#### EXTRACTED MATERIAL

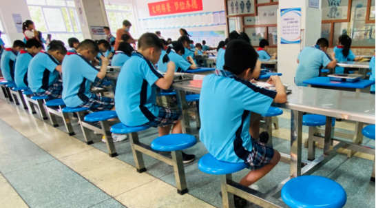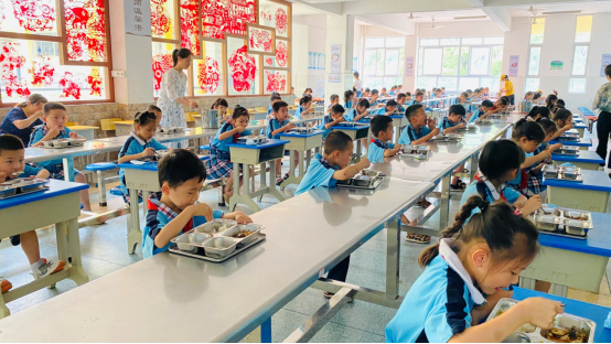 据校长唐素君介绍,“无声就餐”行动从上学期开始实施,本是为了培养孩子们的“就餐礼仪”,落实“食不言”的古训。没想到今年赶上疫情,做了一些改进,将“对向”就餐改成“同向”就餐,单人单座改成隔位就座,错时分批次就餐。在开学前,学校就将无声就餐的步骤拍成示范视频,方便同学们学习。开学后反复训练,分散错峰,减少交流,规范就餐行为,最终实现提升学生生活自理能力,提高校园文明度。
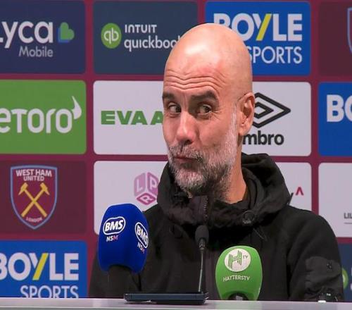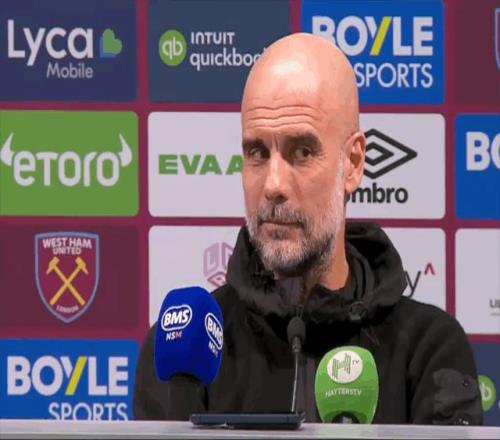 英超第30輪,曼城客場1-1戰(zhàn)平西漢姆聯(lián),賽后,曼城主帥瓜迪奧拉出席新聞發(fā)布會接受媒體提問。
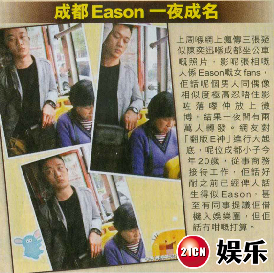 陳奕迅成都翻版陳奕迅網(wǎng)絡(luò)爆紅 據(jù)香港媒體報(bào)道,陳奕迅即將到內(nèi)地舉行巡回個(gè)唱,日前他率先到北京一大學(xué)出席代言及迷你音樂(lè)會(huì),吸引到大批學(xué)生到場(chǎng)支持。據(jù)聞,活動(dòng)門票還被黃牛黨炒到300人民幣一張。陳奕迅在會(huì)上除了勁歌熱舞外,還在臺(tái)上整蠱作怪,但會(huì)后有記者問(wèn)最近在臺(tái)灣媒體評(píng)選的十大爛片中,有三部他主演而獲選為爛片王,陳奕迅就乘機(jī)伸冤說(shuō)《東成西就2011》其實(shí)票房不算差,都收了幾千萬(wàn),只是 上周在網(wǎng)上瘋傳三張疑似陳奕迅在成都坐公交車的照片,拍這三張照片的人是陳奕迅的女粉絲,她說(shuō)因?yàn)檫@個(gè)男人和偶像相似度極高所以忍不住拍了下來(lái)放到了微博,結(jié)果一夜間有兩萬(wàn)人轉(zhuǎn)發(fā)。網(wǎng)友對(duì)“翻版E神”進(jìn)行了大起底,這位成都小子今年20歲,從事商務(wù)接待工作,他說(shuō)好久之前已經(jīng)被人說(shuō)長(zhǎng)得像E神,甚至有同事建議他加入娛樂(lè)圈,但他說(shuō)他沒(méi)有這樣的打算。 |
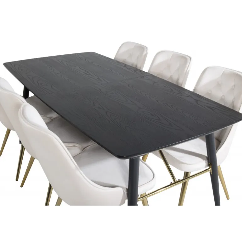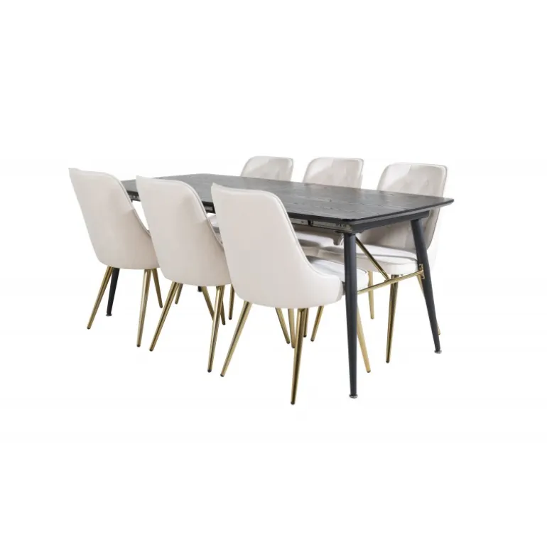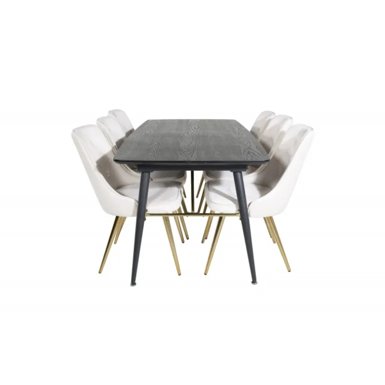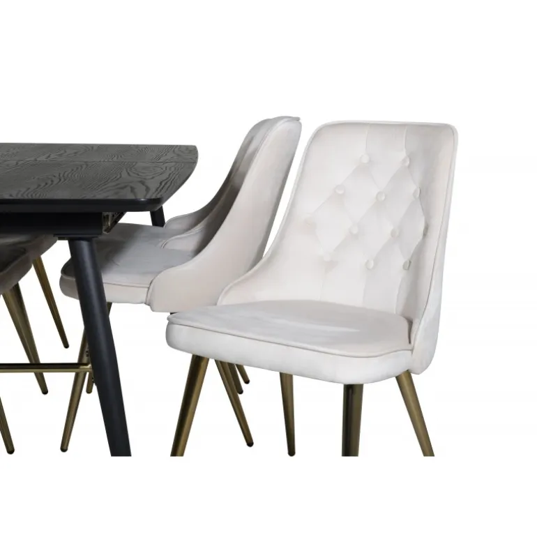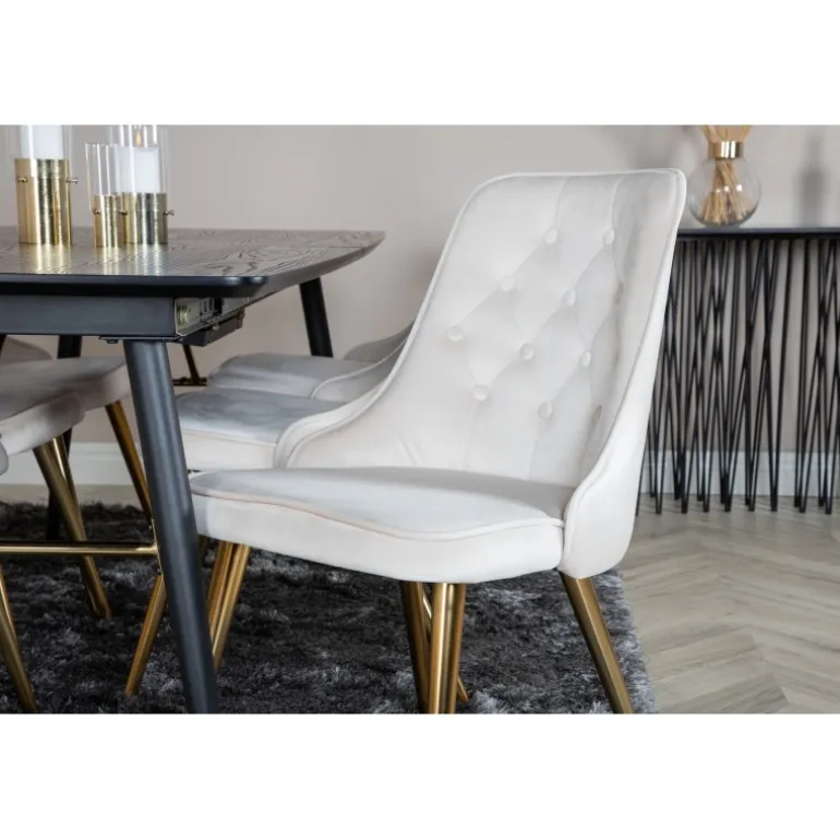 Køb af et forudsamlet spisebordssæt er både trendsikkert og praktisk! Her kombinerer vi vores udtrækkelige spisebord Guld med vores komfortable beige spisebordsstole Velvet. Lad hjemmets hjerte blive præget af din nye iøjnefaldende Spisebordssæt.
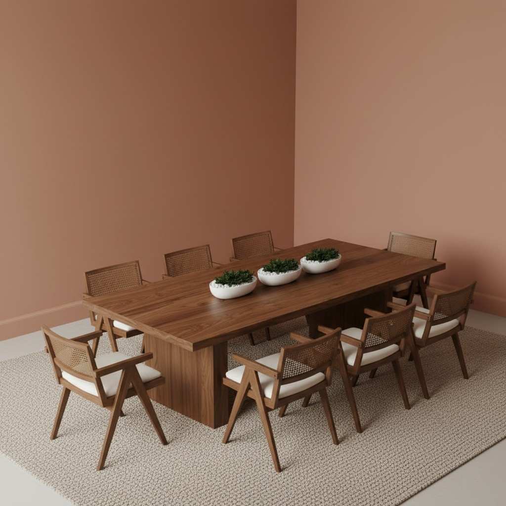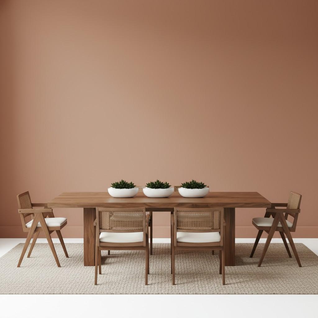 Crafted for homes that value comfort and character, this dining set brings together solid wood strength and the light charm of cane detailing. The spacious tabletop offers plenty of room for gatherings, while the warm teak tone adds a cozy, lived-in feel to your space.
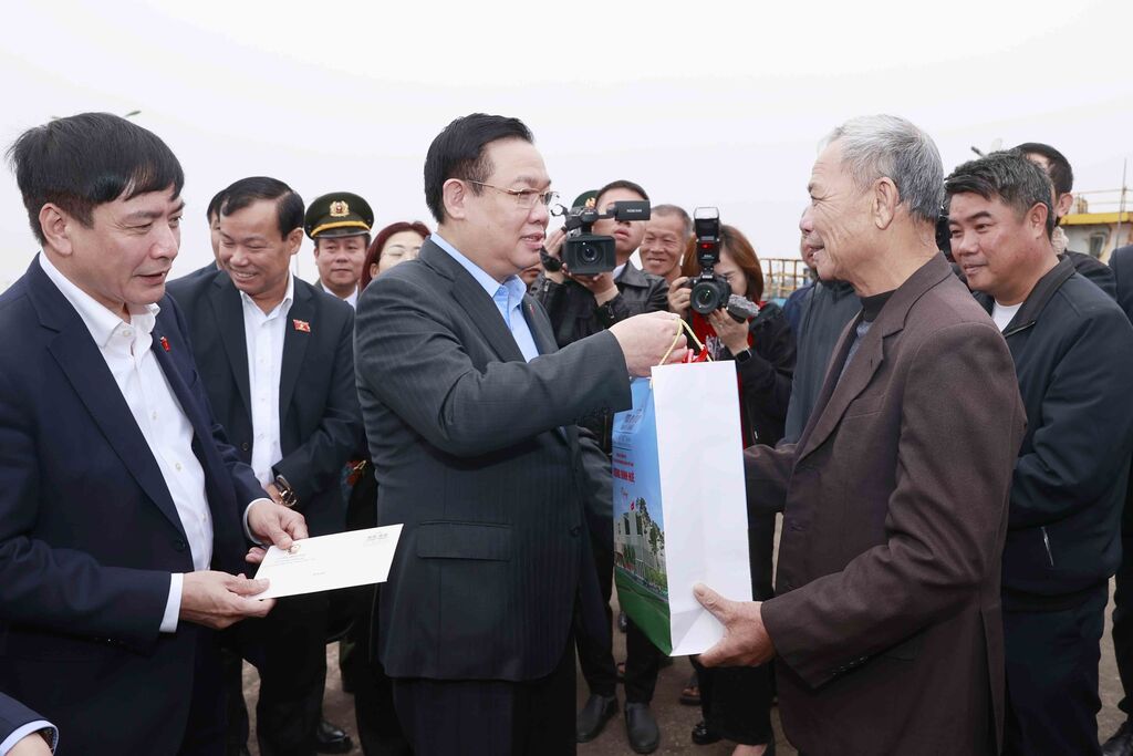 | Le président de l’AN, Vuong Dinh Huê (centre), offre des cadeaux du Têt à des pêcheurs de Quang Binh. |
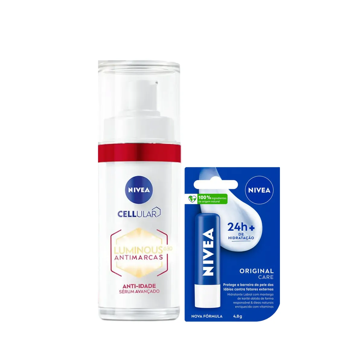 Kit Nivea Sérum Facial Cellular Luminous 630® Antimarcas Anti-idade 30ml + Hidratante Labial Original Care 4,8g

########

WORK TO BE COMPLETED: Copy exactly the lines from the line containing "Quang Binh. |" through the last line of the records, both included, and omit every picture.

WRITTEN ANSWER:
 | Le président de l’AN, Vuong Dinh Huê (centre), offre des cadeaux du Têt à des pêcheurs de Quang Binh. |
 Kit Nivea Sérum Facial Cellular Luminous 630® Antimarcas Anti-idade 30ml + Hidratante Labial Original Care 4,8g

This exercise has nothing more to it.